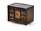 Piccolo monetiere in noce e legni vari con fronte ad un'anta e nove diversi tir
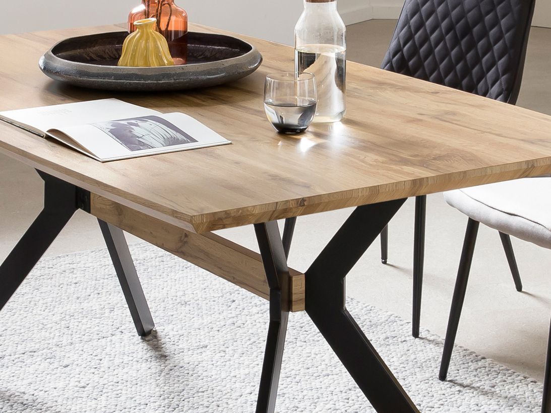 Cette table à dîner stylée rend le coin repas encore plus accueillant. Un médium (MDF) dans une fabrication de qualité a été utilisé pour le plateau. La surface est très résistante aux épreuves habituelles du quotidien. Le piètement en métal noir donne la touche finale. La table - qu'elle soit dans la cuisine ou la salle à manger - est souvent le centre des interactions sociales. Ici, on mange, on boit, on rit, on joue et on discute ensemble. Même les activités en télétravail sont plus agréables avec ce joli modèle.
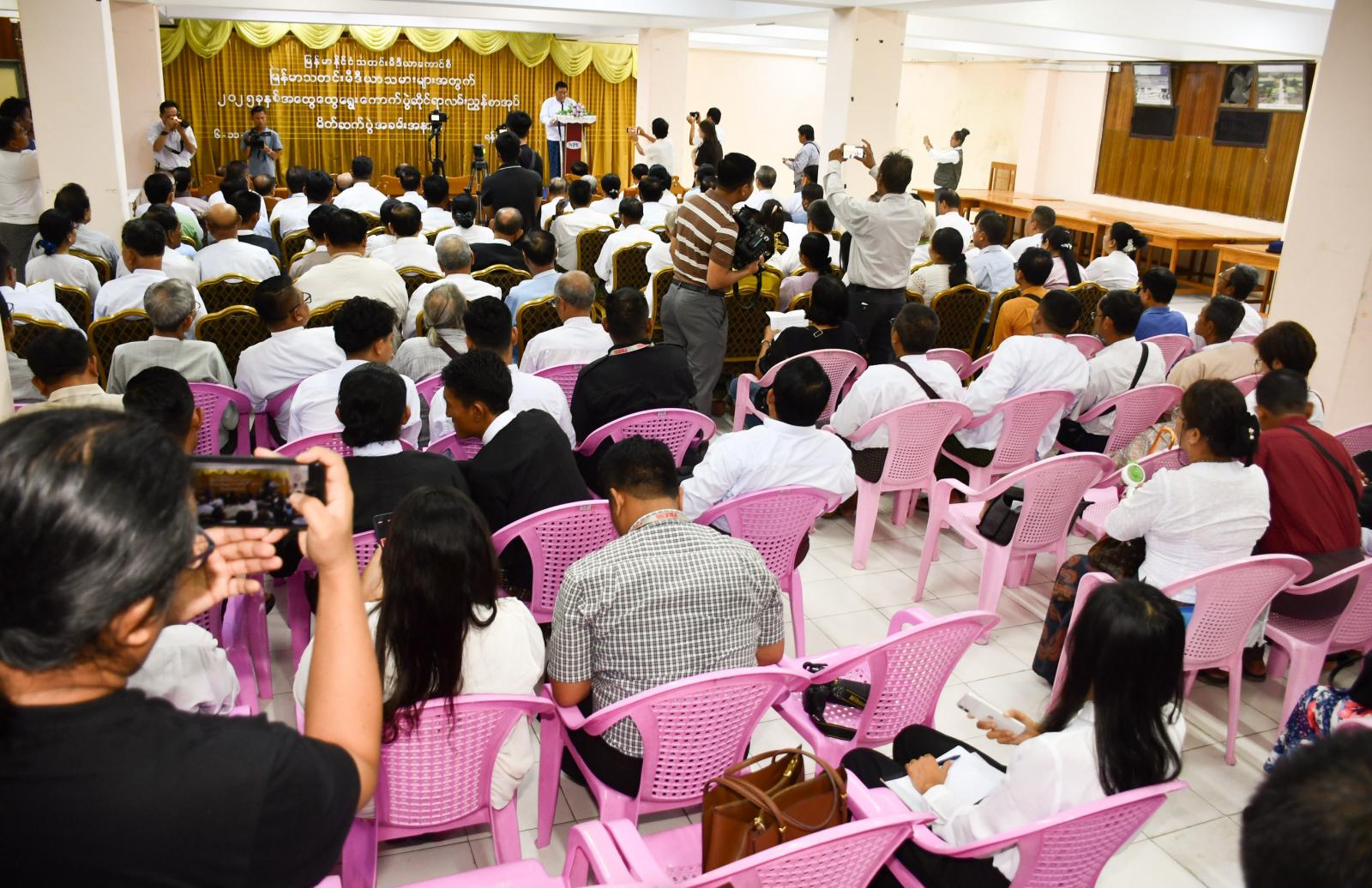 ဦးစွာ ရန်ကုန်တိုင်းဒေသကြီး လူမှုရေးရာဝန်ကြီး ဦးဌေးအောင်က အထွေထွေရွေးကောက်ပွဲဆိုင်ရာ လမ်းညွှန်စာအုပ် ဖြန့်ဝေမှုနှင့် ပတ်သက်၍ မုဒိတာစကား ပြောကြားသည်။
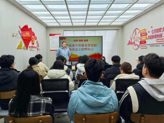 活动中,学生第二党支部书记张倩带领全体学生党员继续学习《中国共产党纪律处分条例》,结合高校学生违纪典型案例剖析遵守纪律的重要性,强调学生党员要在学风建设、社会实践等环节发挥先锋模范作用,并对学生党员在新学期提出“严守纪律底线、争当学生表率”的具体要求。
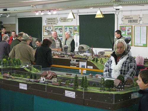 Als Ausblick auf die Modellbahn-Ausstellung im Jahr 2014 waren im Modellbahnhof Jonsdorf Haltestelle (links im Bild) schon neue Gebäudemodelle aufgestellt worden.

- Aim of the exercise: Reproduce all of the material above word for word. Omit the pictures.

- Solution to the problem:
 Piccolo monetiere in noce e legni vari con fronte ad un'anta e nove diversi tir
 Cette table à dîner stylée rend le coin repas encore plus accueillant. Un médium (MDF) dans une fabrication de qualité a été utilisé pour le plateau. La surface est très résistante aux épreuves habituelles du quotidien. Le piètement en métal noir donne la touche finale. La table - qu'elle soit dans la cuisine ou la salle à manger - est souvent le centre des interactions sociales. Ici, on mange, on boit, on rit, on joue et on discute ensemble. Même les activités en télétravail sont plus agréables avec ce joli modèle.
 ဦးစွာ ရန်ကုန်တိုင်းဒေသကြီး လူမှုရေးရာဝန်ကြီး ဦးဌေးအောင်က အထွေထွေရွေးကောက်ပွဲဆိုင်ရာ လမ်းညွှန်စာအုပ် ဖြန့်ဝေမှုနှင့် ပတ်သက်၍ မုဒိတာစကား ပြောကြားသည်။
 活动中,学生第二党支部书记张倩带领全体学生党员继续学习《中国共产党纪律处分条例》,结合高校学生违纪典型案例剖析遵守纪律的重要性,强调学生党员要在学风建设、社会实践等环节发挥先锋模范作用,并对学生党员在新学期提出“严守纪律底线、争当学生表率”的具体要求。
 Als Ausblick auf die Modellbahn-Ausstellung im Jahr 2014 waren im Modellbahnhof Jonsdorf Haltestelle (links im Bild) schon neue Gebäudemodelle aufgestellt worden.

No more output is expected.